Wow...yeah without seperating the mothers and knowing who is in each breeding...you don;'t have much hope. Being a good breeder is in part keeping GOOD records. You can't possibly keep good records with a mixed tank of babies like this. In the future I highly recommend giving each expecting mother her own 10 gallon tank.


----------



## Laigaie (Mar 7, 2011)

I would argue that you most certainly can keep good records if you have multiple mothers in one tank. You're just going to have trouble if those litters are expecting similar young and are of close enough age that you cannot identify them by size, as in this case.


----------



## SarahY (Nov 6, 2008)

> I would argue that you most certainly can keep good records if you have multiple mothers in one tank.


Absolutely, if you litter say a Dutch and a silver fox together, then yes it's easy to keep good records 



> Being a good breeder is in part keeping GOOD records.


I would also just like to say that while many successful mouse fanciers keep records, and many more don't. You've got to do what's right for you  In Tony Cooke's book "Exhibition and Pet Mice" he advocates keeping strict records. In Tony Jones' book "Encyclopedia of Pet Mice" he says time spent writing up records is time you could be spending with your mice.
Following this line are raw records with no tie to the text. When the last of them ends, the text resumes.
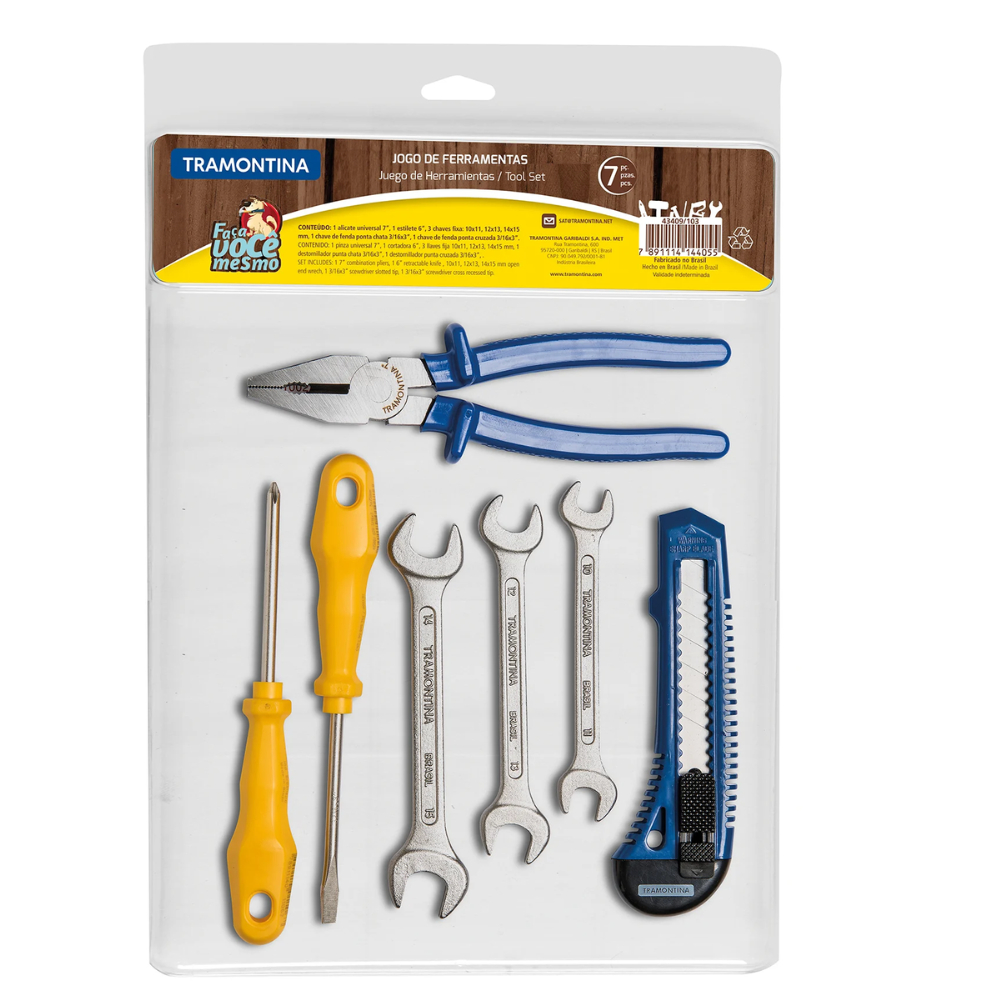 Kit Ferramentas 7 Peças Contem 1 Alicate, 2 Chaves de Fenda, 3 Chaves Fixas e 1 Estilete Tramontina
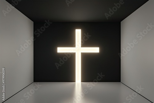 Naklejka premium Three Dimensional Abstract Space with Illuminated Cross Design in Minimalist Black Setting
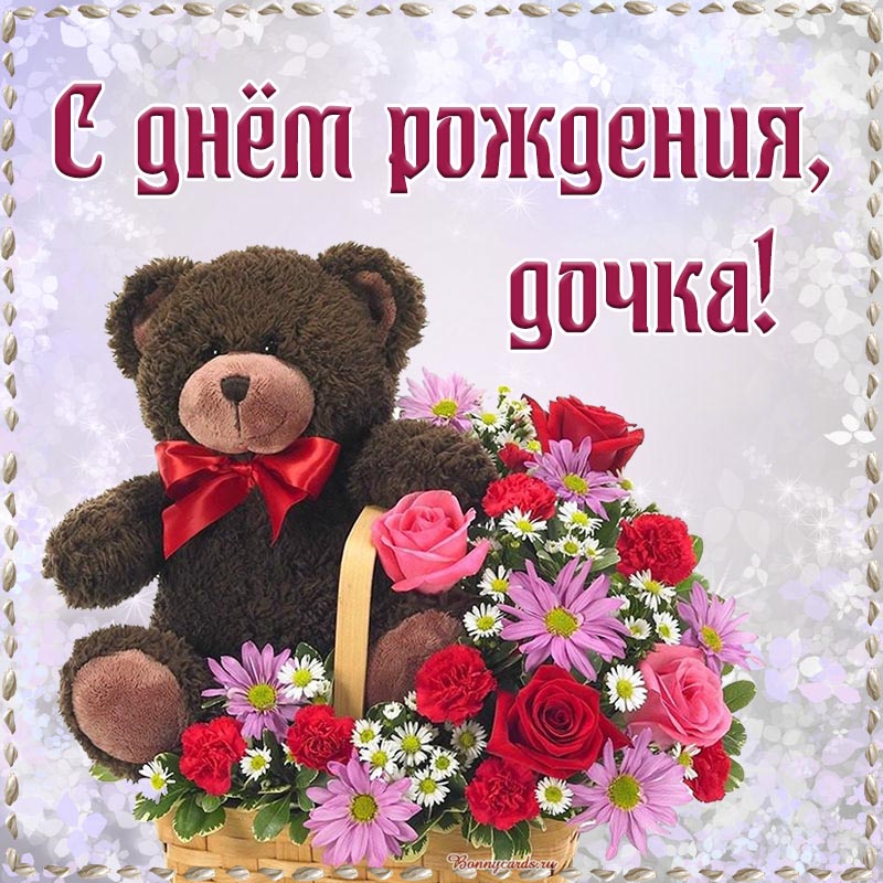 Чарующая картинка с медведем в корзине с цветами дочке на день рождения
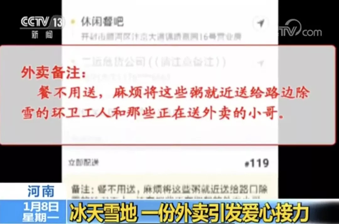 你为他人义务扫雪 我为你们送份外卖

Both fanciers were very, very successful in the UK showing fancy.


----------



## Autumn2005 (Apr 21, 2010)

It was a bit of a goof that all three does ended up in the same cage at the same time, and all gave birth. I thought I had a few more days to get them set up, but once they had babies, I didn't want to disturb them. It was actually easy to tell them apart once they had all their fur in. One of the fathers had a vary distinctive face marking he passes on to ALL of his children, regardless of mother, any tans obviously belonged to my tan doe, non-satins belonged to the carrier father, and the identical babies that gave me so much trouble turned out to be all RYs.
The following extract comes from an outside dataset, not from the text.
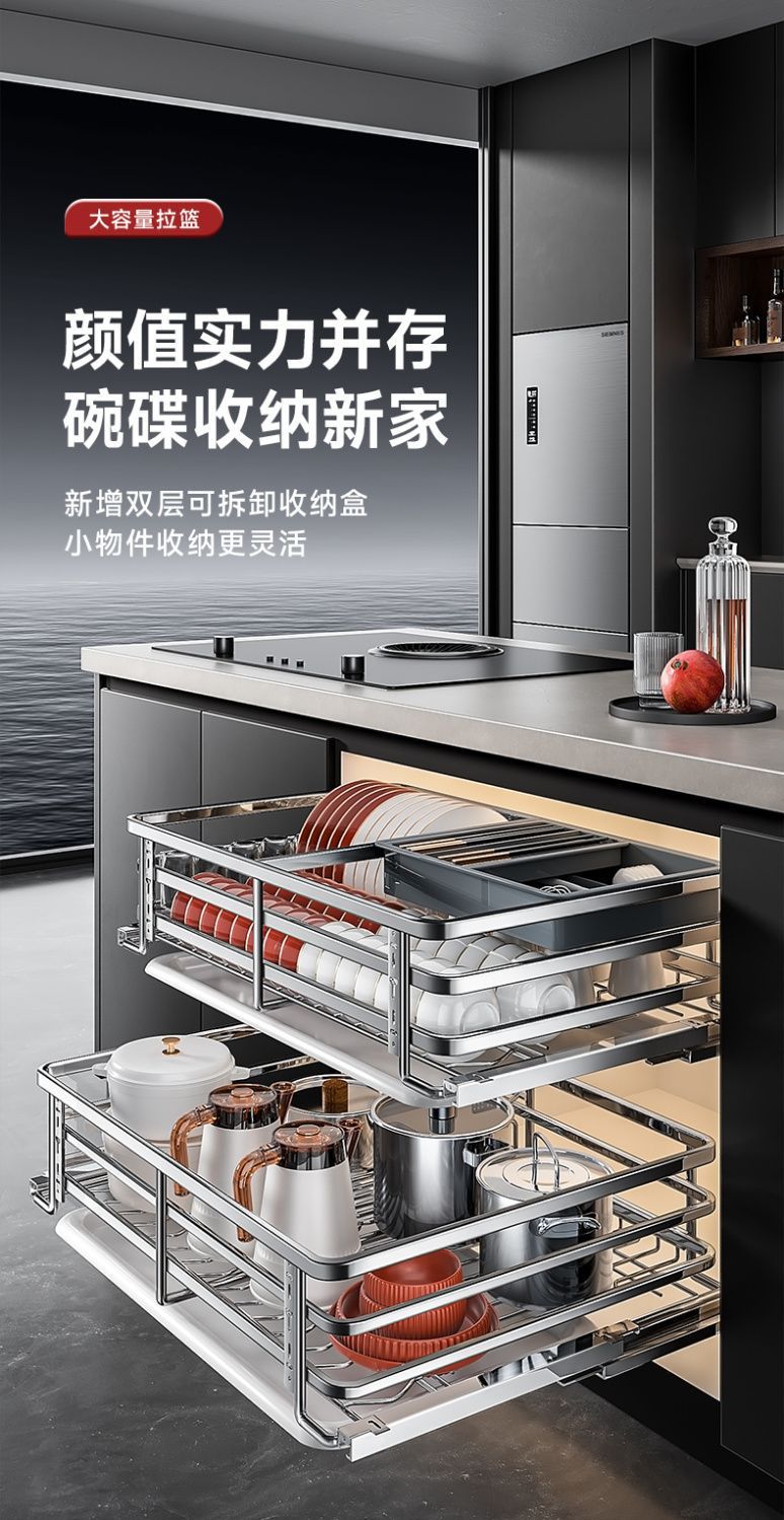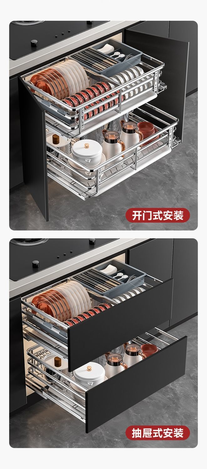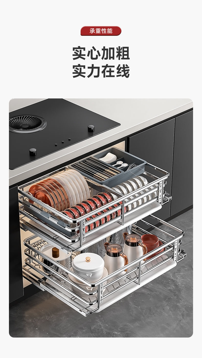 台所戸棚304ステンレス二重引き出し式食器棚ダンピング食器棚収納調味料

Here's a pic of the girls I kept:









I do clean the glass, honest! They just smear it so quick. They like to kick out the food and then sleep in their dish.


----------



## Frizzle (Oct 6, 2011)

Glad to hear it all worked out for you! Don't worry about the scuzzy, one of my girls likes to pick her poop up and stick it to the sides of her tank. Waaaay grosser then a little smeary glass. : P


----------